Она заколебалась, стиснула ладони, открыла и закрыла рот. Покачала головой, и Йеруш досадливо скрипнул зубами.
– Дружить с драконом – то большая опасность, – только и сказала Рохильда. – Не хочу, чтобы ты был в опасности.
Развернулась и ушла к вырубке, печатая шаг. Найло снова досадливо скрипнул зубами.
Илидор вернулся в палатку Йеруша лишь после полуночи, и эльф, приоткрыв один глаз и высунув нос из-под одеяла, назвал золотого дракона коварным везучим порочным невыносимым змеежопым засранцем.
Глава 9. Отдаться стихии
Йеруш проснулся и собрался очень тихо, потому Илидор даже не смог бы сказать, что его разбудило. Просто, как только Найло вышел из палатки, золотой дракон ощутил тревогу и открыл глаза.
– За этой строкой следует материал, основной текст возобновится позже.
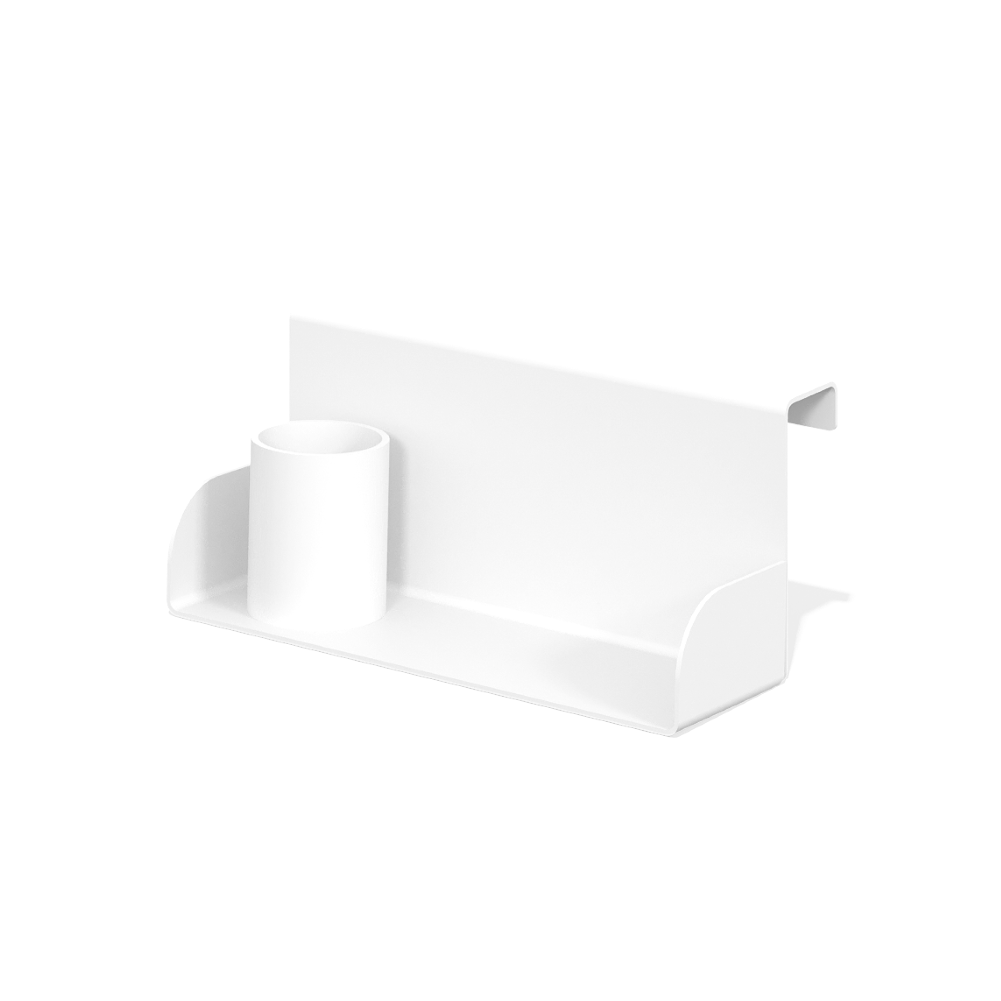 Компактное и функциональное решение для организации пространства. Подвесная полка со встроенным стаканом подходит для хранения канцелярских принадлежностей, мелочей и аксессуаров.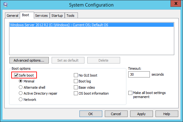 方法 2:使用系統配置將 Windows Server 2012 啟動到安全模式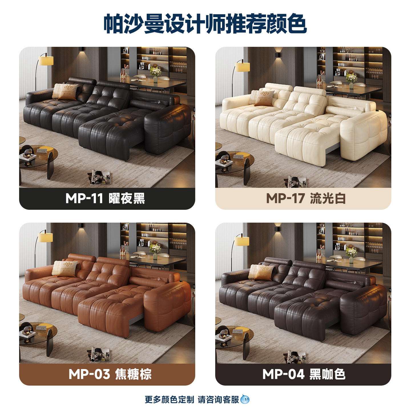 帕沙曼真皮多功能智能电动沙发劳伦斯头层牛皮意式复古可伸缩调节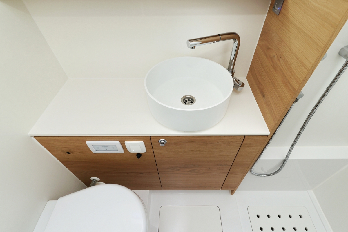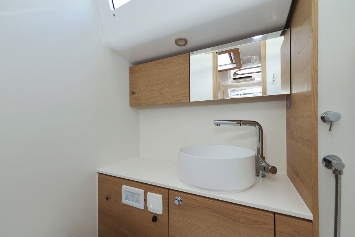 | Inside | 2. Kühlschrank, 220V Steckdosen, Generator, Inverter 12V/220V, Klimaanlage, Kühlschrank, Ladegerät, Lautsprecher im Salon, LED-Innenleuchten, Moskitonetze, Radio mit MP3 , USB Steckdose, Ventilatoren in Salon und Kabinen, WC (elektr.) |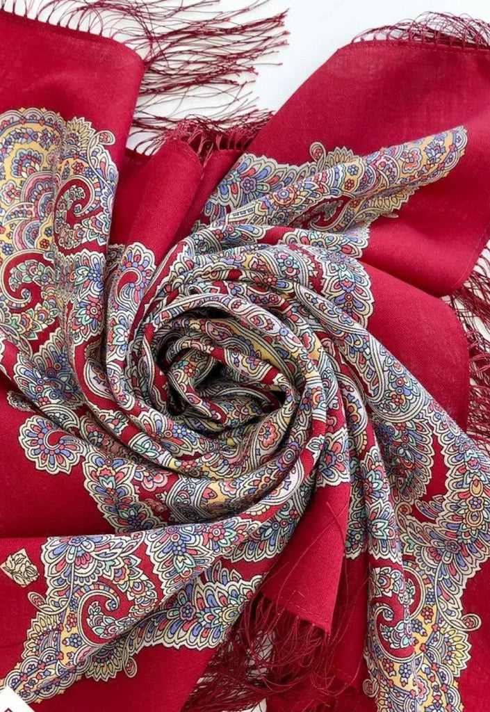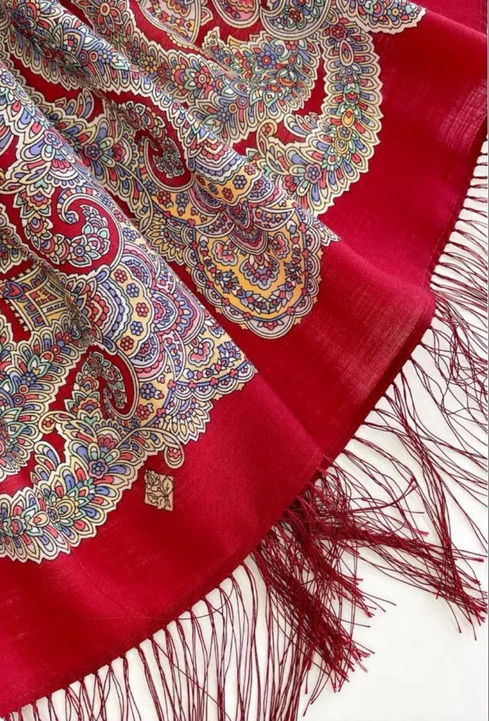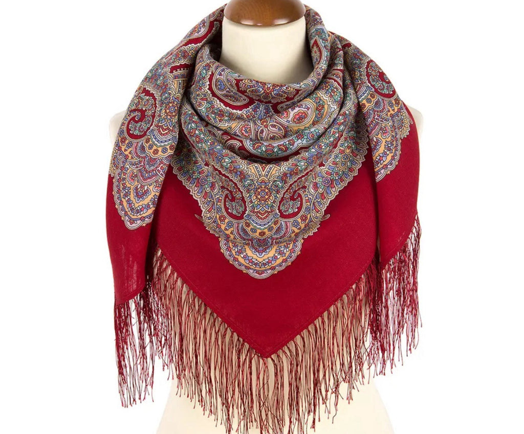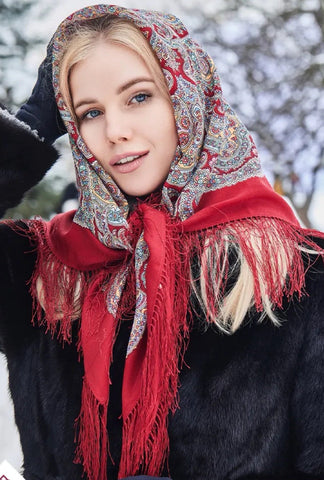 This square scarf is perfect for anyone who loves Slavic style. I’m a blond girl with sky-blue eyes, and this scarf is exactly what I was looking for! The wool is soft, cozy, and never irritates my skin—perfect for winter. The red background with the Slavic herbal pattern and silky fringe is just gorgeous. I usually wear it as a neck warmer, but when it’s really cold, I wrap it around my head and suddenly I feel like a blond Slavic girl straight out of a movie. People keep staring—I guess I nailed the look!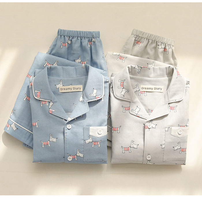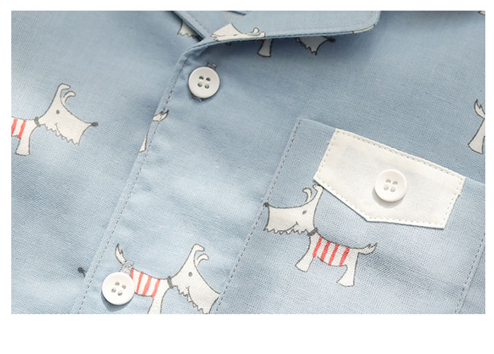 長袖前開きガーゼパジャマ 男の子 犬柄

За неплотно сдвинутым пологом серело предрассветное небо. В щель сочился прохладно-колкий утренний воздух, нёс запах грибов и влажной от росы листвы, и от этого прохладного воздуха хотелось немедленно свернуться клубочком, накинуть одеяло на голову и заснуть снова, тихонько урча.
Но тревога щекотала золотому дракону шею, прогоняла сонную рассеянность, потому Илидор сел, потёр щёки ладонями и некоторое время моргал на полосу света, силясь понять, какой кочерги его подбросило ни свет ни заря. Снаружи что-то тихо позвякивало — видимо, Найло расставлял свои пробирки с водой в держателях. Чувство тревоги сдулось, Илидор потянулся, зевнул «Ау-ы-ы-у», достал в потягушках до кармашка своего рюкзака и вытащил кусочек кислой сосательной смолы. Закинул его в рот, сел, пригладил волосы, ещё раз посмотрел на щёлку света снаружи и осторожно, словно полог мог сказать «Гав!» и укусить, выглянул наружу.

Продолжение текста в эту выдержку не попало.